Let Alice be the honest merchant who offer instant Bitcoin payment; let Bob be the bad guy who trying a double-spending attack on Alice.

At the moment of the transaction, Bob gives to Alice the content of the transaction Tx1 that has 1B as input (the address of Bob, proved being expensive) and 1A as output (the address of Alice). Yet, at the very same time, Bob is issuing another transaction Tx2 that empties the address 1B. As a result, after a while, Alice realizes that Tx1 has been rejected.

It’s now time for Alice to retaliate by exposing Bob. In order to do that, Alice produces a small dummy transaction to herself where the transaction Tx1 in recursively embedded as data though a convention based on OP_DROP. (***) Once the transaction Tx1 is exposed, the community of merchants, who like Alice, accept instant transaction withness that 1B cannot be trusted any more because the cumulative effect of the transaction Tx2 going out of 1B and of the exposed transaction Tx1 (which never made its way to the block chain) leads to a negative coin amount on 1B.

(***) For the sake of concision I am leaving out the tiny specifics of how exactly should this recursive transaction embedding be implemented. Anyway, based on my understanding of Script, it’s perfectly possible to recursively embark a transaction (treated as data) into another transaction.

At this point, we have a system where Bob, the bad guy cannot hurt Alice the merchant (recipient) without getting some retaliation. Yet, what if Alice is a bad merchant and Bob the honest client? Could Alice hurt Bob just for the sake of breaking the community trust into his provably expensive address 1B?

We need one final touch to the convention to protect Bob the sender from a false accusation of Alice. In order to achieve that Bob should make sure each emitted transaction Tx1 from 1B, his provably expensive address, is broadcasted to the network, and not just given to Alice. By doing this, Bob ensures that Tx1 will make its way to the blockchain and prevents Alice to report 1B as dishonest (to be safe Bob is better off putting some transaction fee in Tx1 that guarantees a speedy chain inclusion).

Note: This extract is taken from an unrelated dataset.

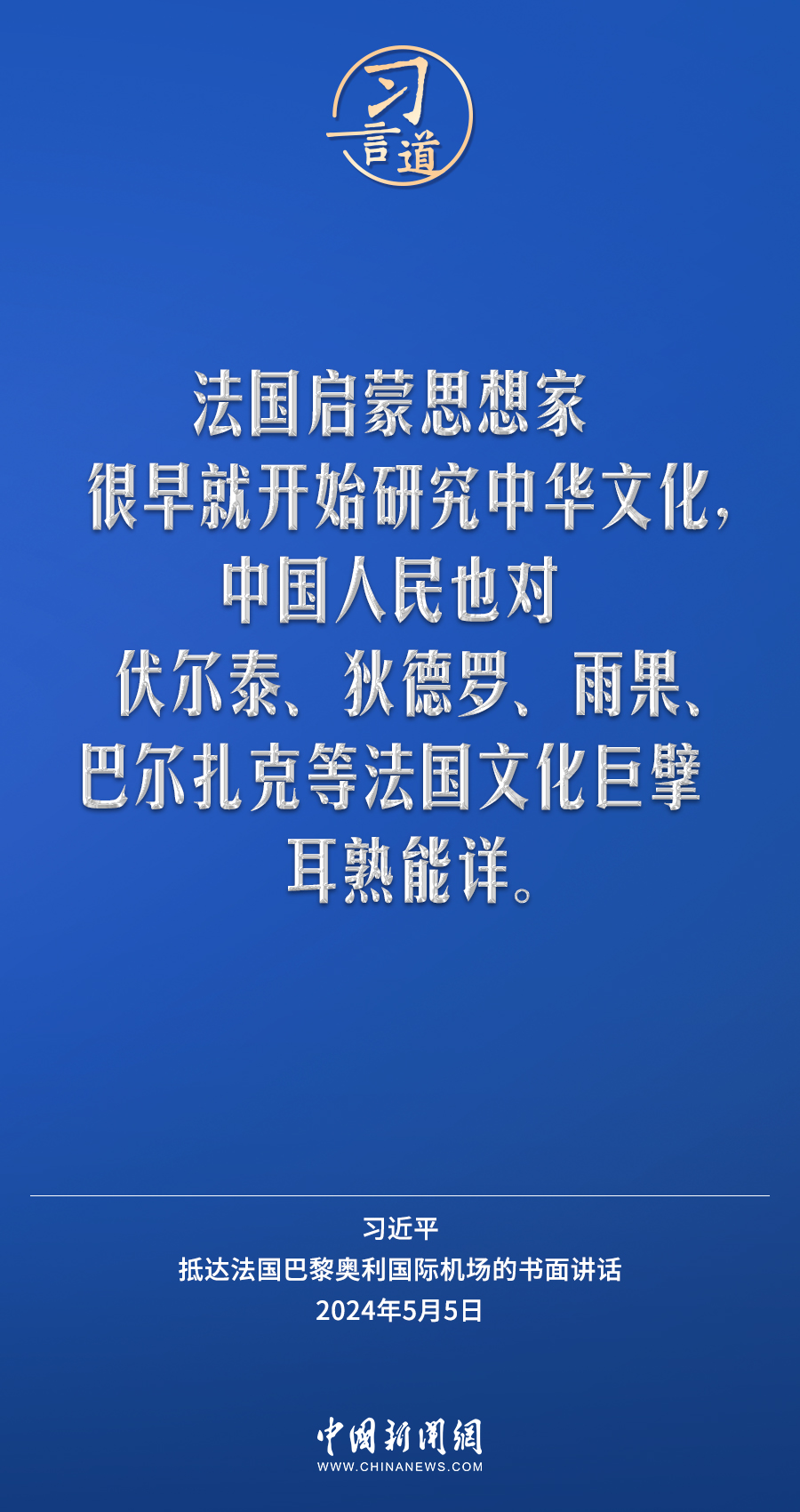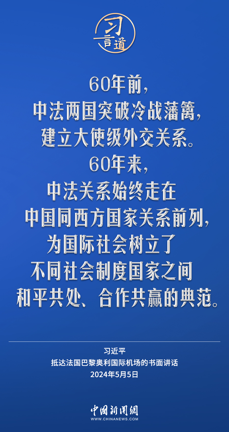 當地時間5月5日下午,國家主席習近平抵達巴黎,開始對法國進行國事訪問。在抵達法國巴黎奧利國際機場的書面講話中,習近平指出——

Implementating the convention

As far I can tell, the proposal does not involve any breaking change. Ideally, the convention would make its way to the Bitcoin client (or a dedicated fork) to support 3 extra features:

Then, there is many small details that would need to be polished such as the delay for the community to decide whether trust is lost on an address after being reported. Also, the convention as a whole can also probably be polished further.

Anonymous payments

This convention would be one step further is making Bitcoin less anonymous that it is today. Considering the scope of application of instant payments, it does not seem (to me) too much of a problem. If you really want to stay anonymous, then, entering a retail store isn’t top notch anyway. Alternatively, for eCommerce, the 1h payment delay is mostly a non-issue (except maybe for pizza delivery).

In real life

Instant payments are needed for small purchases: you typically don’t need to transfer both a big amount AND to do it instantly, it’s either or. To accept (or not) whether an instant payment of X BTC made from a proved Y BTC address should go through instantly should be left to the merchant itself.

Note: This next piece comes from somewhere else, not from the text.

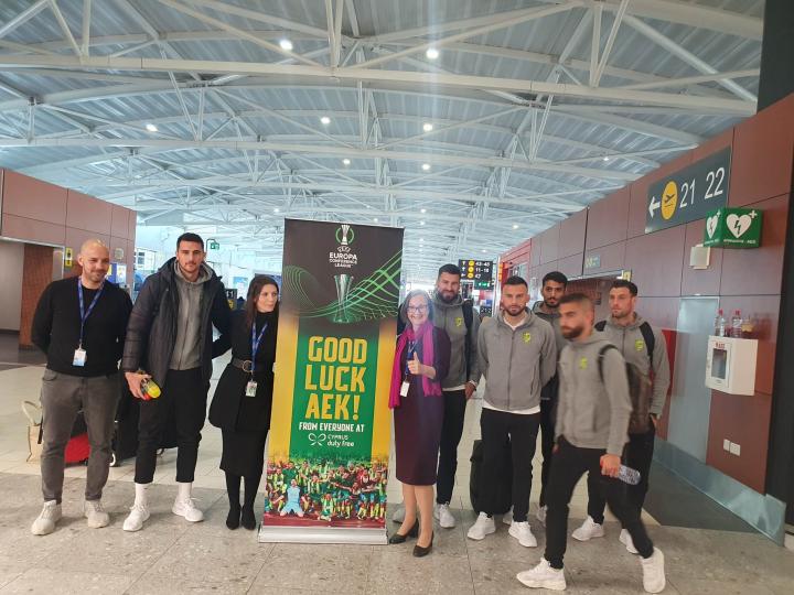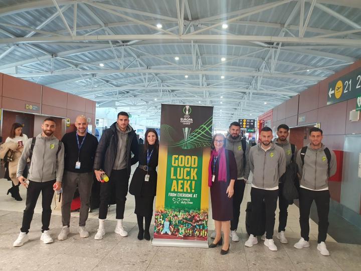 Ιβάν Τρισκόφσκι, Μιλίσεβιτς, Τόμοβιτς, Εγγλέζου, Τούμπας και Χριστοφόρου πόζαραν με το πανό για καλή επιτυχία στην ΑΕΚ και γνώρισαν την αποθέωση από τους παρευρισκόμενους.

With a 10 BTC proof, it would reasonable to accept instant payment up to 10 BTC (maybe a bit less assuming a self-serving miner scenario). Coordinating triple-spending (or more) in real life seems complicated (but not impossible) but I seriously doubt people would actually bother for such a complex scheme except to demonstrate its feasability. Indeed, the stakes would be very limited anyway, as anything large would go the usual route of non-instant payments.

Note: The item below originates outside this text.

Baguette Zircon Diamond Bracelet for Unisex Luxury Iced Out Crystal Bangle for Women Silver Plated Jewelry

Then, looking at recurring customers payment with the same address would be also a way to gradually increase the confidence cap (from the merchant viewpoint) for instant payments even without asking the client to increase its proof.

Compared to a rough 2% middleman fee (based on pricing of BitInstant), I feel that the provably expensive address would be amortized in less than 1 year considering weekly purchase. Not a deal breaker, but still an option probably worth having a look at considering the positive side-effect on the mining side.